Beyond the beaches were large artillery pieces situated to bring down a curtain of fire on the beach. Some of these large guns were mounted on railroad tracks running in and out of caves protected by concrete and steel.
The battle for Japan would be won by what Simon Bolivar Buckner, a lieutenant general in the Confederate army during the Civil War, had called "Prairie Dog Warfare." This type of fighting was almost unknown to the ground troops in Europe and the Mediterranean. It was peculiar only to the soldiers and Marines who fought the Japanese on islands all over the Pacific -- at Tarawa, Saipan, lwo Jima and Okinawa. Prairie Dog Warfare was a battle for yards, feet and sometimes inches. It was a brutal, deadly and dangerous form of combat aimed at an underground, heavily fortified, non-retreating enemy.
In the mountains behind the Japanese beaches were underground networks of caves, bunkers, command posts and hospitals connected by miles of tunnels with dozens of entrances and exits. Some of these complexes could hold up to 1,000 troops.
Chemical
In addition to the use of poison gas and bacteriological warfare (which the Japanese had experimented with), Japan mobilised its citizenry.
Had Olympic come about, the Japanese civilian population, inflamed by a national slogan -- One Hundred Million Will Die for the Emperor and Nation -- was prepared to fight to the death.
At the early stage of the invasion, 1,000 Japanese and American soldiers would be dying every hour. Every foot of Japanese soil would have been paid for by Japanese and American lives.
Twenty-eight million Japanese had become a part of the National Volunteer Combat Force. They were armed with ancient rifles, lunge mines, sachel charges, Molotov cocktails and one-shot black powder mortars. Others were armed with swords, long bows, axes and bamboo spears.
The civilian units were to be used in night-time attacks, hit and run manoeuvres delaying actions and massive suicide charges at the weaker American positions. The invasion of Japan never became a reality because on 6 August 1945, an atomic bomb was exploded over Hiroshima. Three days later, a second bomb was dropped on Nagasaki. Within days the war with Japan was at a close.
Had these bombs not been dropped and had the invasion been launched as scheduled, combat casualties in Japan would have been at a minimum in the tens of thousands. Every foot of Japanese soil would have been paid for by Japanese and American lives.
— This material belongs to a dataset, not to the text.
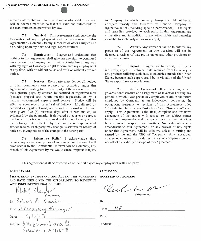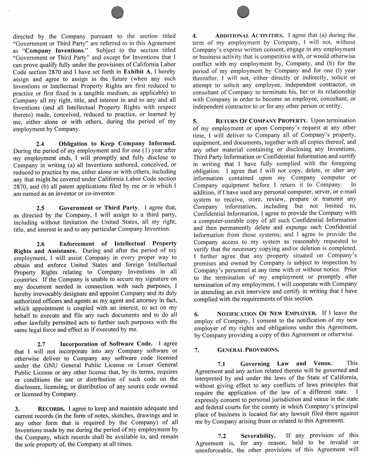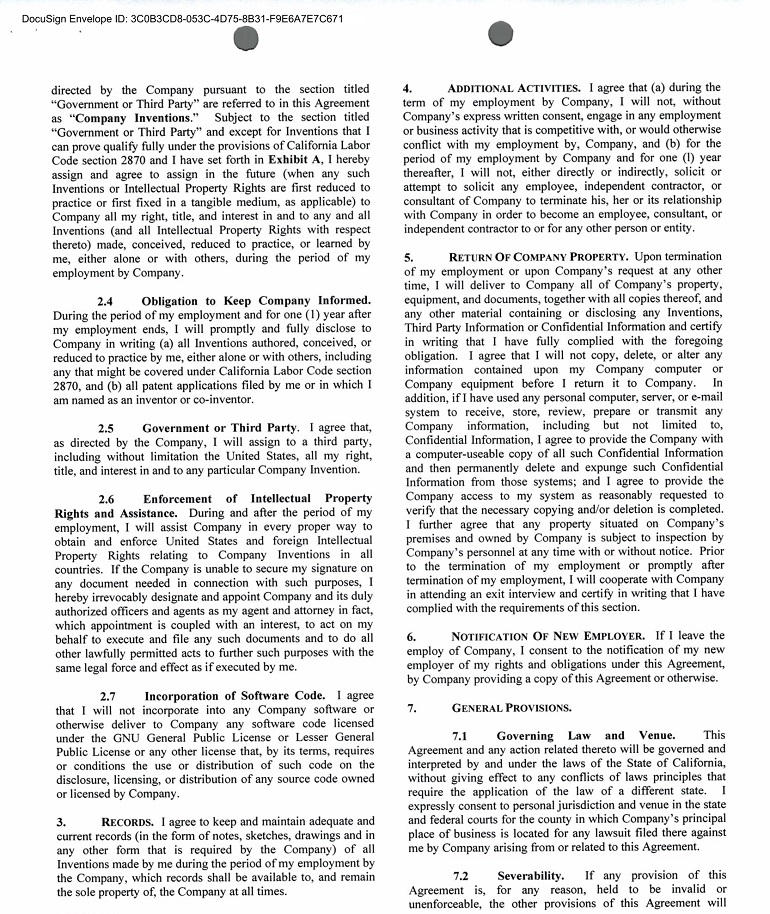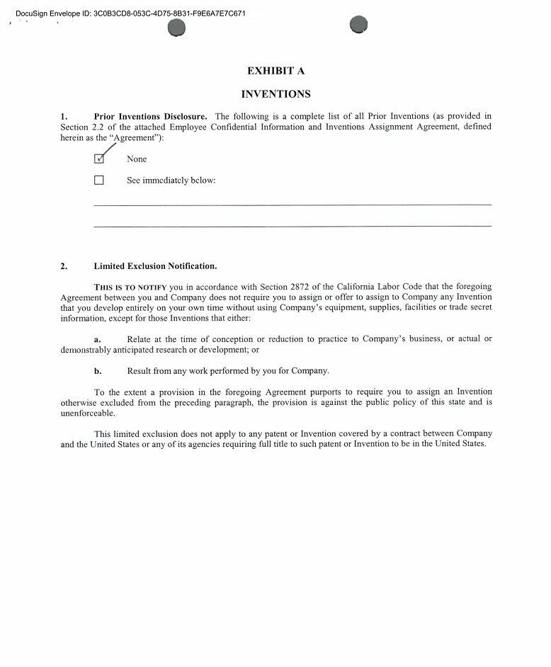 3.1 Confidential Information Agreement. As a condition of employment, Executive agrees to execute and abide by the Executive Confidential Information and Inventions Agreement attached hereto as Exhibit A.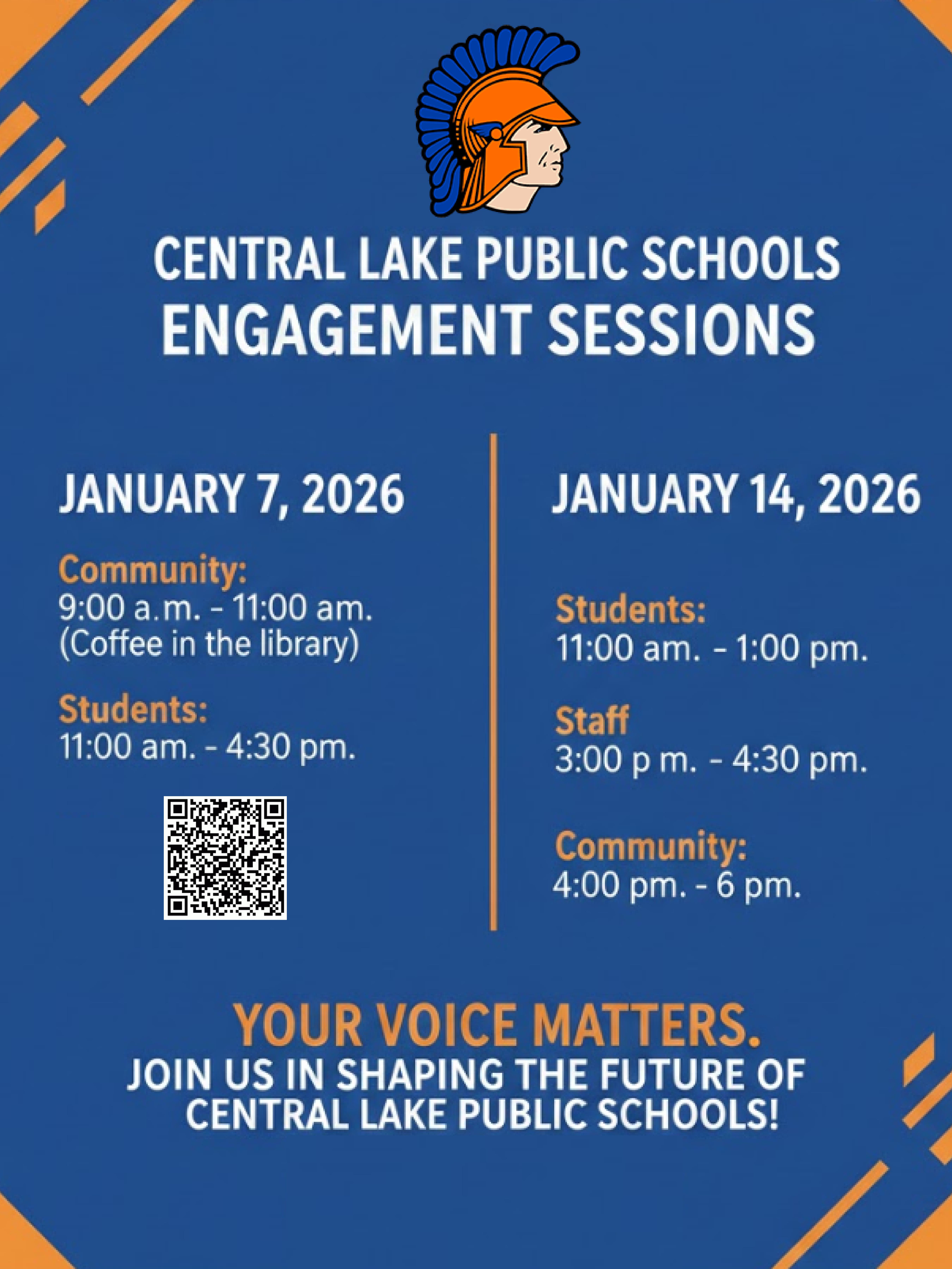 The Board of Education and the Administration are launching a new initiative to guide Central Lake Public Schools through a Three- to Five-Year Strategic Plan. The purpose of this initiative is to help develop new goals and strategies to continue offering an excellent education to our students while using scarce public education resources as effectively and efficiently as possible. The strategic planning process is designed to produce approximately five goals to be accomplished over a three- to five-year period. The plan uses data, along with feedback from staff, students, and community members, to create a shared vision for the future that will make the district an even better place for our students. Your ideas about the strengths of Central Lake Public Schools are very important, as are your opinions on where there is opportunity to remove barriers to implementation and other input. Therefore, you are invited to provide input in either of the scheduled face-to-face sessions or electronically (QR code included on the flyer). All input must be received by January 31, 2026.

One can only guess at how many civilians would have committed suicide in their homes or in futile mass military attacks.
In retrospect, the 1 million American men who were to be the casualties of the invasion, were instead lucky enough to survive the war.
Intelligence studies and military estimates made more than 40 years ago, and no latter-day speculation, clearly indicate that the battle for Japan might well have resulted in the biggest blood bath in the history of modern warfare.
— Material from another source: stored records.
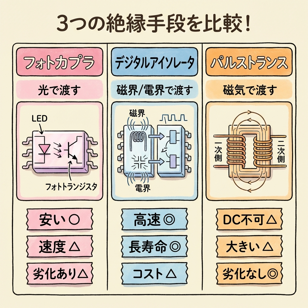 - 代替手段は? → デジタルアイソレータ(高速・長寿命)とパルストランス(電源不要・DCは不可)。用途に応じて使い分ける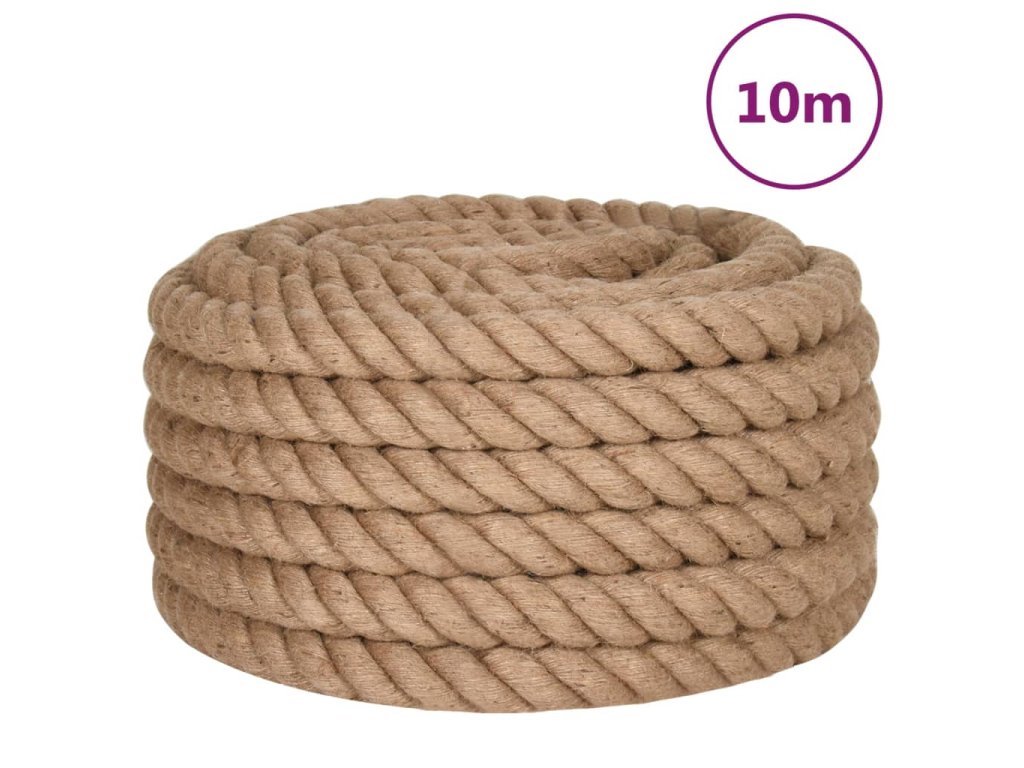 - Přírodní materiál: Toto jutové lano je pevně spletené ze 3 jemnějších pramenů 100% přírodní juty, je silné, pružné, odolné vůči povětrnostním vlivům a bezpečné.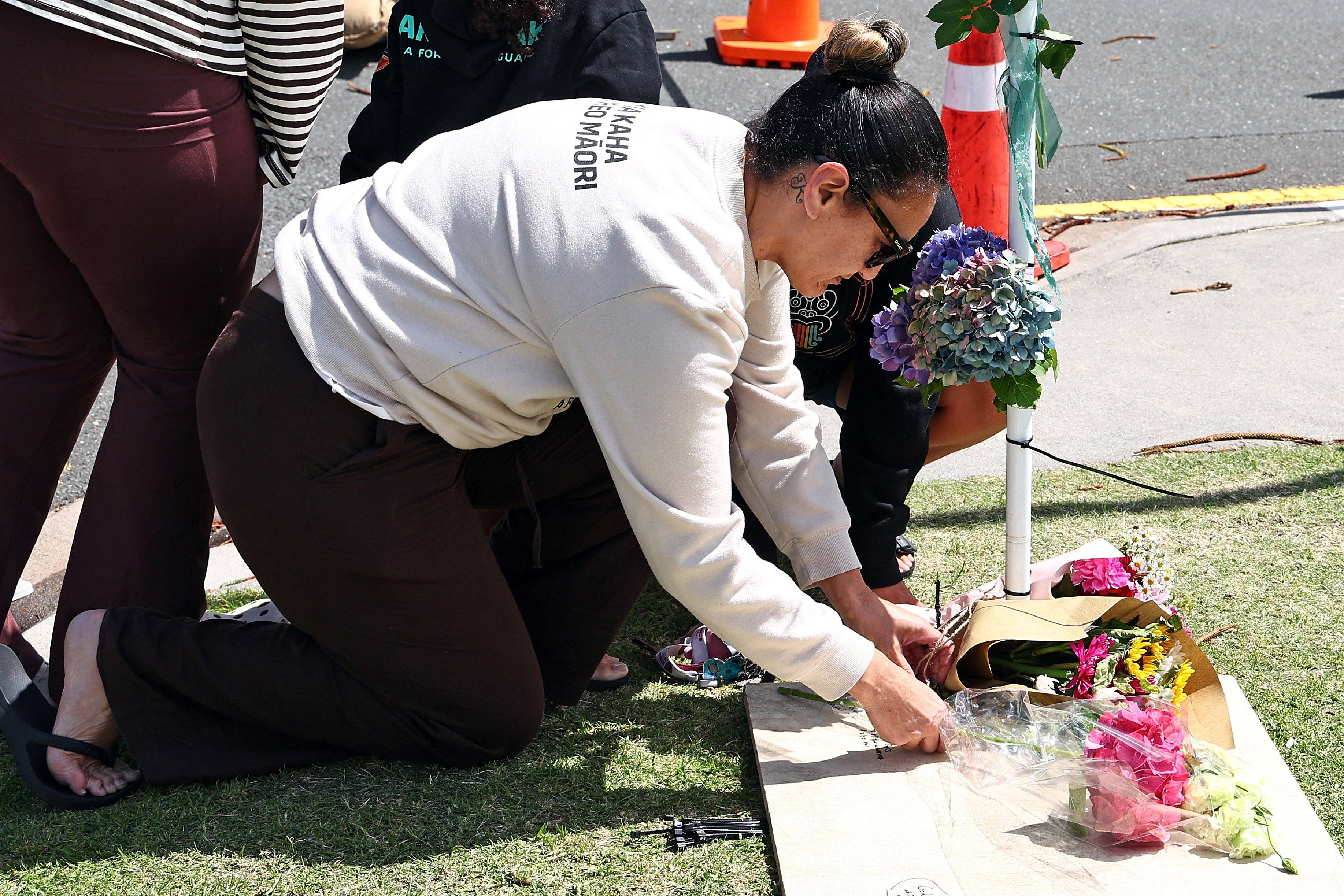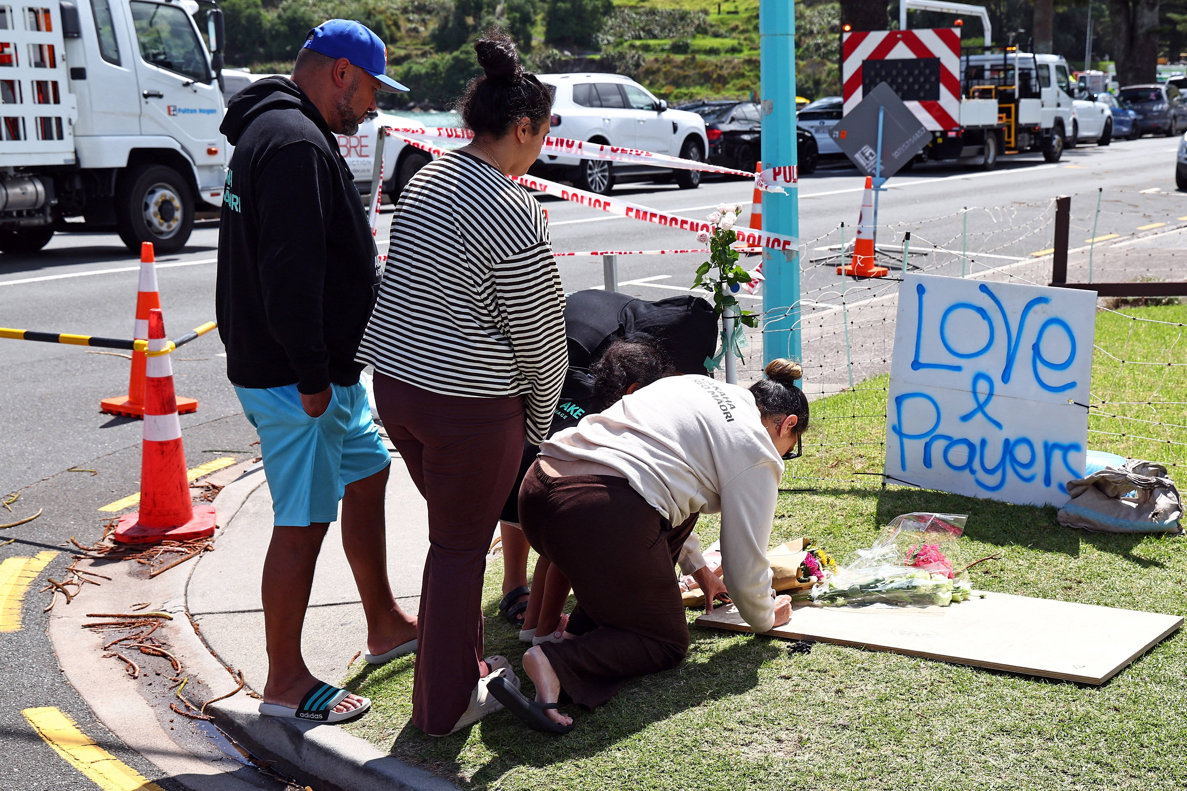 1月24日,人们在新西兰北岛普伦蒂湾地区芒阿努伊山的山体滑坡现场悼念遇难者。 新华社/路透

Far worse would be what might have happened to Japan as a nation and as a culture. When the invasion came, it would have come after several months of firebombing all of the remaining Japanese cities. The cost in human life that resulted from the two atomic blasts would be small in comparison to the total number of Japanese lives that would have been lost by this aerial devastation.
With American forces locked in combat in the south of Japan, little could have prevented the Soviet Union from marching into the northern half of the Japanese home islands. Japan today could be divided much like Korea and Germany before.
The world was spared the cost of Operation Downfall, however, because Japan formally surrendered to the United Nations 2 Sept. 1945, and World War 11 was over. In the fall of 1945, in the aftermath of the war, few people concerned themselves with the invasion plans.
Following the surrender, the classified documents, maps, diagrams and appendices for Operation Downfall were packed away in boxes and eventually stored at the National Archives. These plans that called for the invasion of Japan paint a vivid description of what might have been one of the most horrible campaigns in the history of man.